NOTE.—Regulatory motifs were predicted independently for each species using separate TSS annotations in RefSeq (Maglott et al. 2000; Pruitt and Maglott 2001). The motifs were predicted using FREE (Yokoyama et al. 2009); the central location and width of overrepresentation are given to the right of each motif.

Location-Specific Motifs Evolve Differently according to Location

A natural question to ask is whether location-specific motifs are subject to different evolutionary constraints depending upon the location in which they occur. Certain cis-regulatory elements function specifically at the location at which they preferentially occur (Martinez et al. 1994; Lodish et al. 2003; Juven-Gershon et al. 2008) and both in silico as well as experimental evidence demonstrate that the regulatory function of location-specific motifs can change according to location (Xi et al. 2007; Tharakaraman et al. 2008). Thus, we might expect that motifs exhibiting location-specific overrepresentation would be subject to different evolutionary constraints within the region of overrepresentation than outside this region.

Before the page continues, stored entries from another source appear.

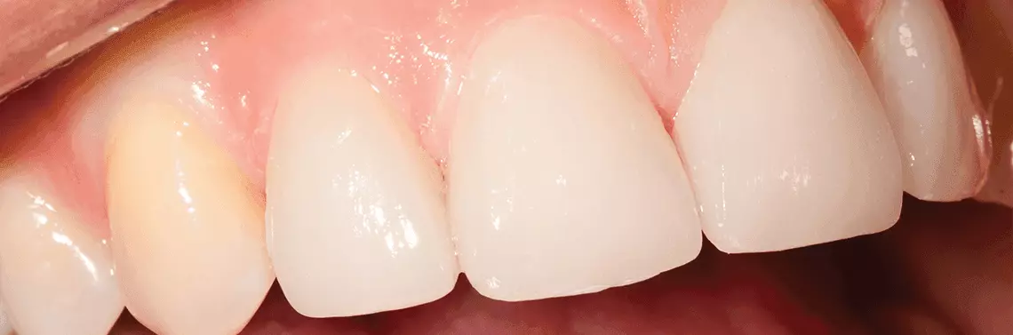 Uzupełnienia wykonano w systemie IPS Empress Esthetic techniką cut-back i zacementowano za pomocą cementu Variolink II (Ivoclar Vivadent). Uzyskano bardzo dobry efekt estetyczny przy spełnieniu wymogów funkcjonalnych. Na wizytach kontrolnych zaobserwowano ponadto prawidłową, stopniową adaptację dziąsła brzeżnego w okolicy wykonanych uzupełnień. Rekonstrukcja zębów 13 i 23 zapewniała prawidłowe odtworzenie prowadzenia kłowego.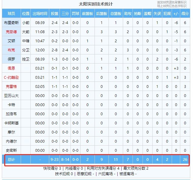比赛首节,太阳全队共得到了26分,其中命中了8记三分球,仅命中1记两分球(9中1)。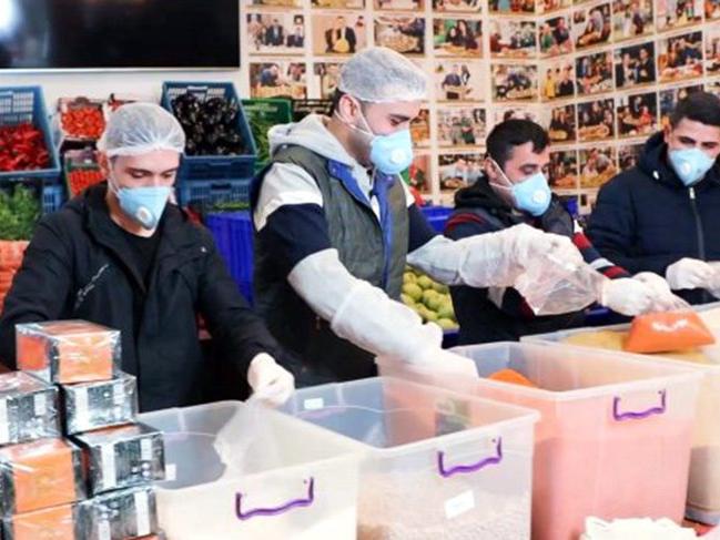 Restoranlarındaki 2,5 ton sebze ve 1 tona yakın bakliyatların vatandaşlara ulaştırılmasını isteyen CZN Burak ve ekibi, özenle gıda kolilerini hazırladı. Özdemir ve ekibi, ürünleri paketlere yerleştirirken virüse karşı dezenfekte etti.

In order to test whether location-specific motifs evolve differently according to their location, we assessed the amount of nucleotide conservation within our predicted motifs between human and mouse. The frequency of conservation was determined both inside the region of overrepresentation as well as within a set of intergenic sequences that serve as a neutral proxy. We found that most consensus sites were more conserved within the region of overrepresentation than within the intergenic regions (fig. 2), suggesting that location-specific motifs are under stronger evolutionary constraints within the region of overrepresentation than their location-independent occurrences.

FIG. 2.—

Conservation frequencies of location-specific regulatory motifs across mouse and human according to location. The x axis denotes the frequency of conservation at a given consensus site of an individual regulatory motif, whereas the y axis gives the cumulative number of consensus sites at or above the given frequency of conservation. The solid plot shows the amount of nucleotide conservation within the region of overrepresentation, whereas the dashed plot shows the amount of conservation within intergenic regions. Note that most consensus sites tend to be more conserved within the location of overrepresentation than outside this region. For instance, half of all consensus sites have 83% or more conservation within the region of overrepresentation (vertical gray line), whereas only 22% of the consensus sites are conserved at the same threshold within the intergenic sequences.

FIG. 2.—

Conservation frequencies of location-specific regulatory motifs across mouse and human according to location. The x axis denotes the frequency of conservation at a given consensus site of an individual regulatory motif, whereas the y axis gives the cumulative number of consensus sites at or above the given frequency of conservation. The solid plot shows the amount of nucleotide conservation within the region of overrepresentation, whereas the dashed plot shows the amount of conservation within intergenic regions. Note that most consensus sites tend to be more conserved within the location of overrepresentation than outside this region. For instance, half of all consensus sites have 83% or more conservation within the region of overrepresentation (vertical gray line), whereas only 22% of the consensus sites are conserved at the same threshold within the intergenic sequences.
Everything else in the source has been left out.